%%

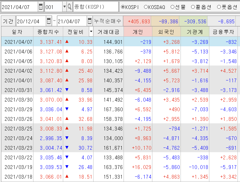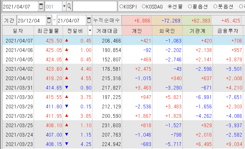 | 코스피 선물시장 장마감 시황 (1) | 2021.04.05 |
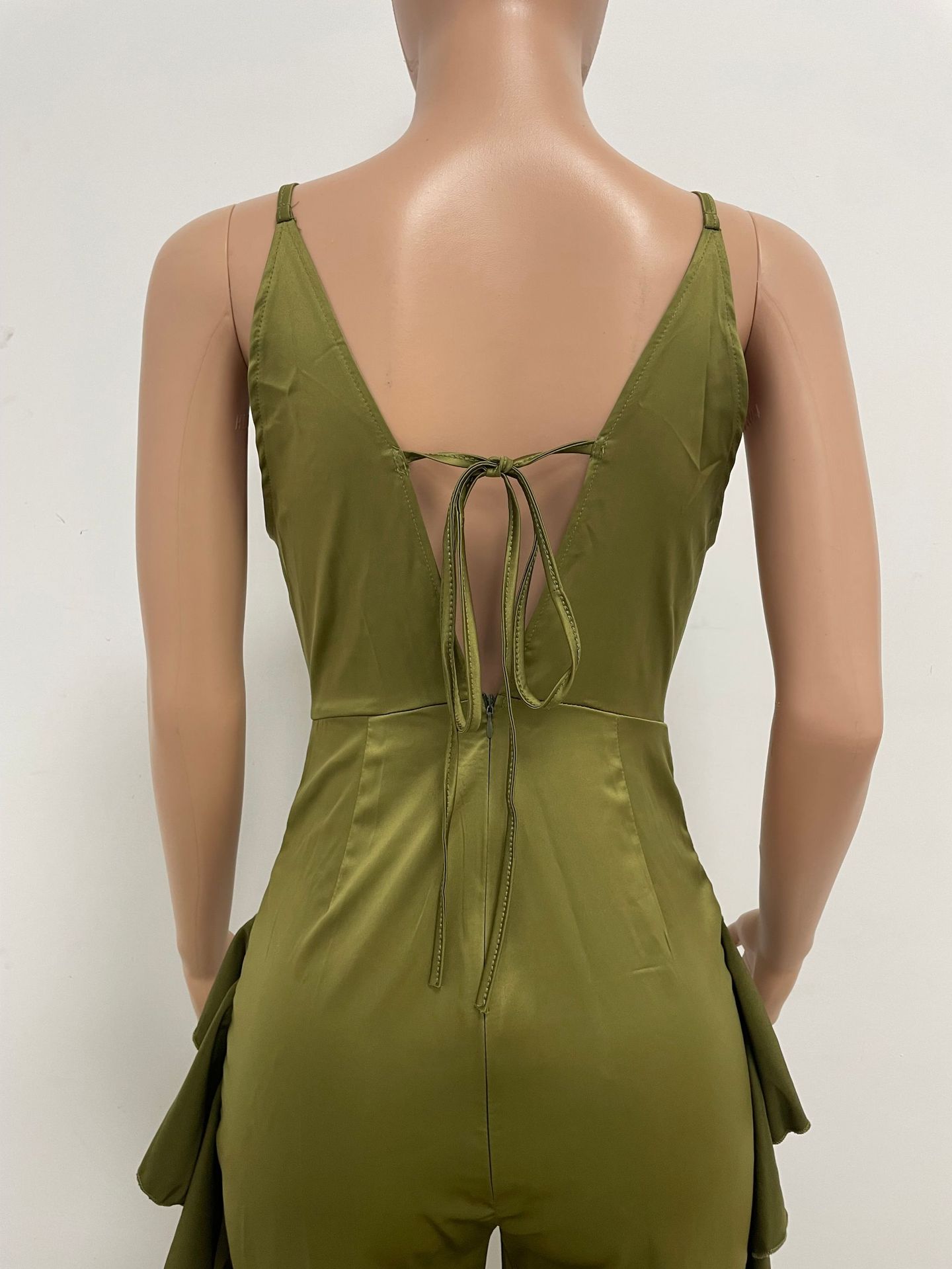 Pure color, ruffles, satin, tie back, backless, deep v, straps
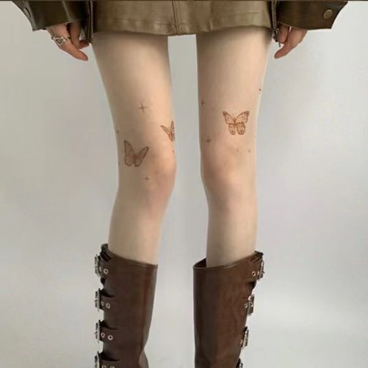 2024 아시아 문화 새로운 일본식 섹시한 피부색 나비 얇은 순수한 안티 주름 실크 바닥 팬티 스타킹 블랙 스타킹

%%

**What you will do**
Only an exact copy of the lines from the one with "Pure color, ruffles, satin, tie" through the last line of the data above is wanted, and no pictures.

**Reply to the exercise**
 Pure color, ruffles, satin, tie back, backless, deep v, straps
 2024 아시아 문화 새로운 일본식 섹시한 피부색 나비 얇은 순수한 안티 주름 실크 바닥 팬티 스타킹 블랙 스타킹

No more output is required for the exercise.